━━━ ENTRIES SUPPLIED

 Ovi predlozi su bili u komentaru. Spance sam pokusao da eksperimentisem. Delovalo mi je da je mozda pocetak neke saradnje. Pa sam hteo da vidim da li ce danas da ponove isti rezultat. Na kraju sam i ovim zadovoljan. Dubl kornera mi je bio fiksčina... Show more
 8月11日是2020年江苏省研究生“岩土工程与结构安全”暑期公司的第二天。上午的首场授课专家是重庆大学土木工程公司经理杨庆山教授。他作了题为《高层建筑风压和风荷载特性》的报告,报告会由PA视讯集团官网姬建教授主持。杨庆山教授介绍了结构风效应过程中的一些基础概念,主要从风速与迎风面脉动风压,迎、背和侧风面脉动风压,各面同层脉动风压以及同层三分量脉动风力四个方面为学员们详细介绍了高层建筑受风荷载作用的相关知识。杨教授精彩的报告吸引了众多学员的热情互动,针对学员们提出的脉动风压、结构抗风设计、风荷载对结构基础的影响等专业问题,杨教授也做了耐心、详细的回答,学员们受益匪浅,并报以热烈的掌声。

━━━━━━
━━━ ENTRIES SUPPLIED

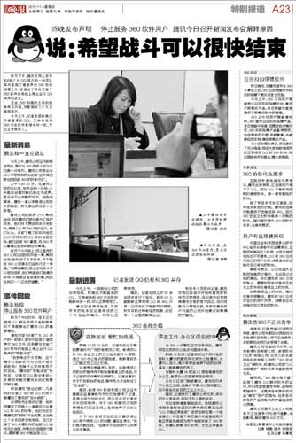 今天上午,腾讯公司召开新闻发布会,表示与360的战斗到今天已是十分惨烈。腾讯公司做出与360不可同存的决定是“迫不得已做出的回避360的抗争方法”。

━━━━━━

_WORK TASK:_
Lines to set down from above: the line with "Ovi predlozi su", the line with "8月11日是2020年江苏省", and every line between, each exactly as written.

_WRITTEN RESPONSE:_
 Ovi predlozi su bili u komentaru. Spance sam pokusao da eksperimentisem. Delovalo mi je da je mozda pocetak neke saradnje. Pa sam hteo da vidim da li ce danas da ponove isti rezultat. Na kraju sam i ovim zadovoljan. Dubl kornera mi je bio fiksčina... Show more
 8月11日是2020年江苏省研究生“岩土工程与结构安全”暑期公司的第二天。上午的首场授课专家是重庆大学土木工程公司经理杨庆山教授。他作了题为《高层建筑风压和风荷载特性》的报告,报告会由PA视讯集团官网姬建教授主持。杨庆山教授介绍了结构风效应过程中的一些基础概念,主要从风速与迎风面脉动风压,迎、背和侧风面脉动风压,各面同层脉动风压以及同层三分量脉动风力四个方面为学员们详细介绍了高层建筑受风荷载作用的相关知识。杨教授精彩的报告吸引了众多学员的热情互动,针对学员们提出的脉动风压、结构抗风设计、风荷载对结构基础的影响等专业问题,杨教授也做了耐心、详细的回答,学员们受益匪浅,并报以热烈的掌声。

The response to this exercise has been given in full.